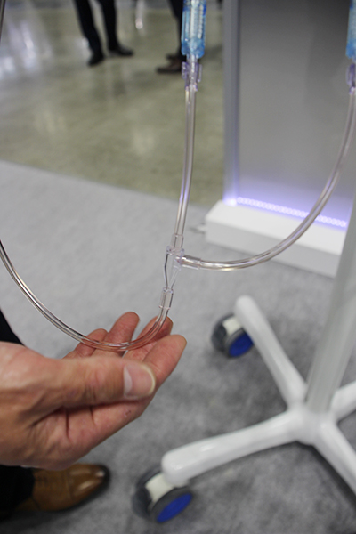アンギオ用注入器のPRESS DUO eliteは,造影剤と生理食塩水の両方を装着可能なデュアルタイプのインジェクタ。コンソール上で希釈割合をコントロールできるため,診療放射線技師が希釈造影剤を作成する手間を削減し,かつ衛生的に検査を行うことができる。希釈割合の表示は,%,倍率,比率での設定が可能で,コンソールの画面表示も非常にわかりやすい。また,希釈造影剤の作成のカギとなる製品として,ミキシングチューブSPIRAL FLOWが紹介された。SPIRAL FLOWは,独自の流路設計によって内部で乱流を作り出す三次元混合を実現しており,造影剤と生理食塩水が希釈ムラなく効率良く混ざり合い,目的とする造影剤濃度を即座に得ることができる。
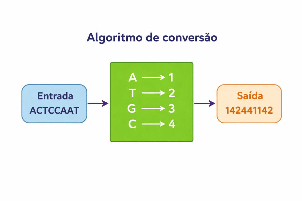 Para transpor essa barreira, precisamos aplicar uma etapa de pré-processamento. Vamos implementar um conversor no nosso código Python que fará a varredura do arquivo FASTA e traduzirá cada caractere genético para um valor númerico correspondente.
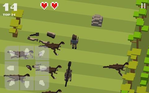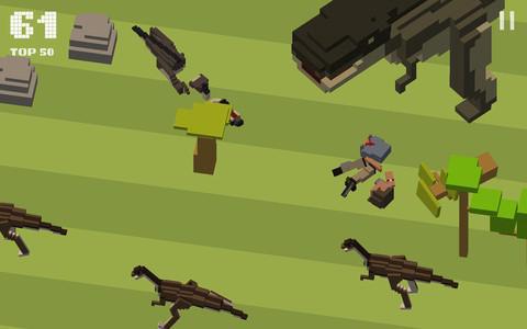 Jurassic Hopper es un arcade de plataformas que toma prestada la fórmula del genial Crossy Road (también disponible para descargar desde Uptodown), y le añade algunas novedades para crear una experiencia de juego diferente, en la que destaca la presencia de los famosos dinosaurios de las películas de Jurassic Park. La mecánica de Jurassic Hopper es simple: con la parte derecha de la pantalla podremos mover a nuestro personaje por el escenario, teniendo en cuenta que el objetivo es llegar tan lejos como sea posible. Mientras tanto, con la parte izquierda de la pantalla podremos atacar. Este ataque dependerá en gran medida del personaje que estemos utilizando en ese momento, ya que cada uno tiene un arma distinta.
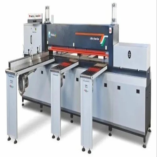 Semi-automatic beam saw machine for industrial use. Features 440V, 3-phase power, 1200W motor, and 2 HP motor. Cutting length up to 2800 mm.
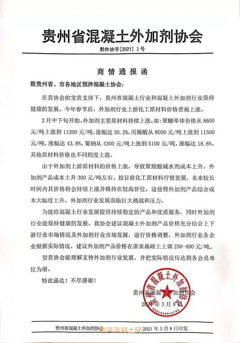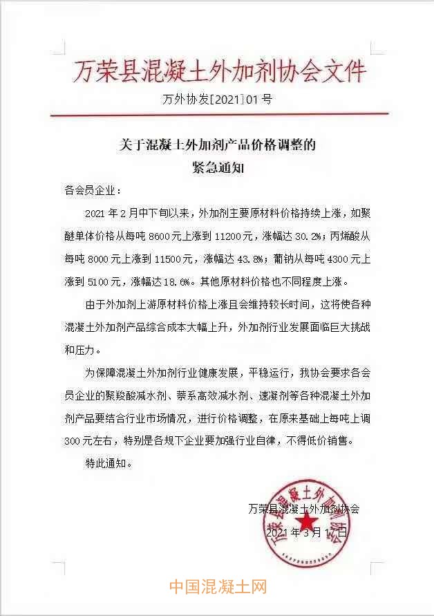 在此倡議:外加劑企業及時關注原料市場動態,積極組織貨源,力保產品供應;下游混凝土企業和工程建設單位理解原料價格變動給外加劑企業帶來的成本增加,及時調整外加劑采購價格。讓我們攜手共渡難關!
+ + + + + + +
Word for word, restate the lines from the first line of the material through the line containing "Para transpor essa", with the pictures left out.

アンギオ用注入器のPRESS DUO eliteは,造影剤と生理食塩水の両方を装着可能なデュアルタイプのインジェクタ。コンソール上で希釈割合をコントロールできるため,診療放射線技師が希釈造影剤を作成する手間を削減し,かつ衛生的に検査を行うことができる。希釈割合の表示は,%,倍率,比率での設定が可能で,コンソールの画面表示も非常にわかりやすい。また,希釈造影剤の作成のカギとなる製品として,ミキシングチューブSPIRAL FLOWが紹介された。SPIRAL FLOWは,独自の流路設計によって内部で乱流を作り出す三次元混合を実現しており,造影剤と生理食塩水が希釈ムラなく効率良く混ざり合い,目的とする造影剤濃度を即座に得ることができる。
 Para transpor essa barreira, precisamos aplicar uma etapa de pré-processamento. Vamos implementar um conversor no nosso código Python que fará a varredura do arquivo FASTA e traduzirá cada caractere genético para um valor númerico correspondente.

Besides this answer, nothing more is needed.